Hitachi Vantara Pentaho Community Forums
Page 1 of 2 12 LastLast
Results 1 to 10 of 20

Thread: Job/Batch ID's ... no way to link the log files?

  1. #1
    Join Date
    Apr 2007
    Posts
    14

    Default Job/Batch ID's ... no way to link the log files?

    Greetings,

    Still refining my ETL project to read files in a directory, process the files, update tables, then move the files.

    I am using a JOB to fire off multiple transformations as well as a single Shell step.

    I have turned on logging (and batch-id) in in the job settings as well as in each of the transformation steps. I setup a job log table as well as a transformation log table, both have the requisite BATCH-ID fields.

    Edit: Pass ID's to Jobs is turned on.

    When I run the job, I get an entry into the job log table and multiple entries into the transformation log table (one for each transformation process).

    What I don't get, is any common "batch id" (or any ID) in either file (job log or transformation log) that links anything together. No Job ID that links multiple Transformation ID'S to each other. No Transformation ID'S that group the Transformations together.

    I would assume that a "batch-id" would start at the JOB level and be passed into each of the transformation logs linking them all together.

    Isn't this what Batch-ID was meant for? and if so, what am I doing wrong?
    Last edited by DavidJ; 05-07-2007 at 01:52 PM.

  2. #2
    Join Date
    Apr 2007
    Posts
    14

    Default

    Bump for a reply.

    Did I make it too complicated?

    Basically, I would like to be able to create a web page that displays all the logs for a particular run of a particular job, but that requires something universal in all the logs that are germain to that one run.

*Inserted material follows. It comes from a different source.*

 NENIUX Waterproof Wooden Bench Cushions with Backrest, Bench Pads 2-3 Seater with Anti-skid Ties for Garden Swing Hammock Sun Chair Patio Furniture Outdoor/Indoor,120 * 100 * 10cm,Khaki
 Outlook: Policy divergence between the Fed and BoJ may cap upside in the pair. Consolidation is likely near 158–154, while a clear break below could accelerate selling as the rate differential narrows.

    Is this just beyond the scope of the logging system?

  3. #3
    Join Date
    Nov 1999
    Posts
    9,729

    Default

    Here is what I usually propose:

    Create a table yourLogTable with a field BATCH_ID in it, seed it at 1.
    At the end of your job, increment it by 1, but ONLY if the complete job ran OK.
    at the start of your job, do a SELECT max(batch_id) FROM yourLogTable, call it "batch_id"
    Assign it to a variable for ease of use.

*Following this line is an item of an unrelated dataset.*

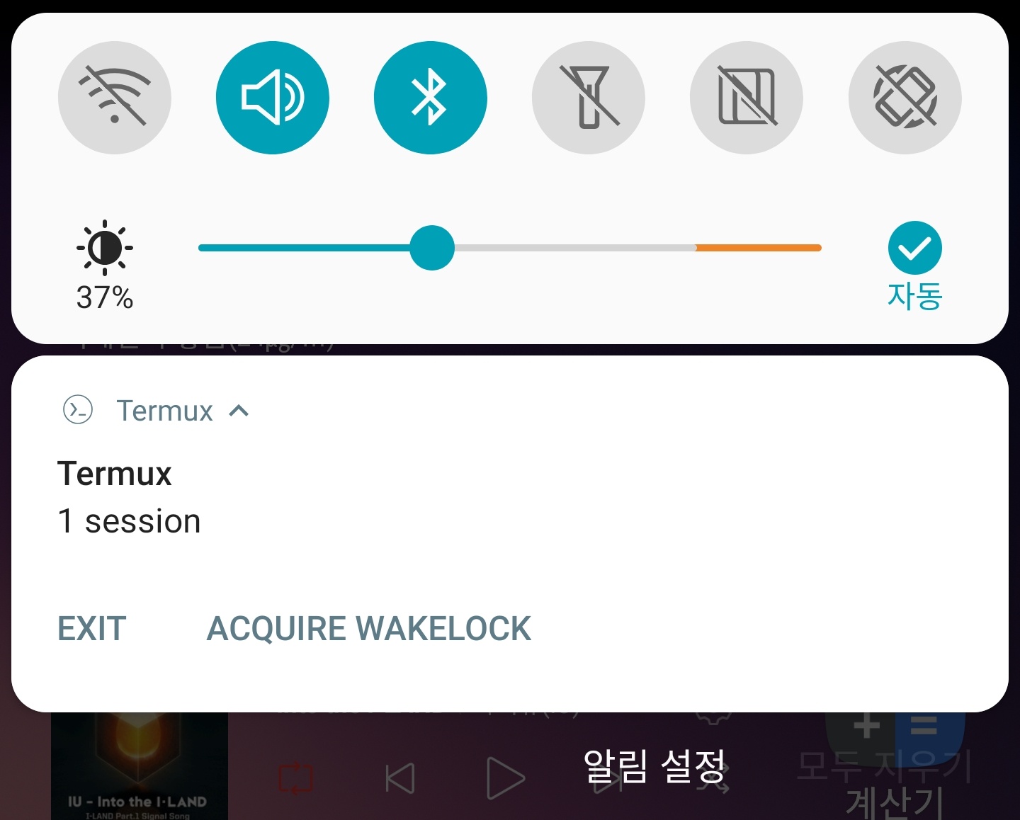아래와 같이 Termux 를 강제로 종료하지 않는 이상 백그라운드에서 계속 작업을 수행할 것이다.

    Store that ID in your fact tables and dimensions to keep track of what got updated when.

    Delete all rows from the fact tables with "batch_id", normally 0 rows will be deleted, but in case you have aborted job, you will do a cleanup first.

    We did not automate this because it's easy to do in a job and because preferences vary too much here.
    The batch_id used in jobs and transformations is more of a way to id the operational metadata.

    HTH,

    Matt

  4. #4
    Join Date
    Apr 2007
    Posts
    14

    Default

    Matt,

    Thanks for the response, but after reading it, I don't think you understood what I was asking for.

    I am not asking about putting a "batch id" in Fact/Dimension tables.

    I am desiring to relate Log files together for easy, and reliable, extraction.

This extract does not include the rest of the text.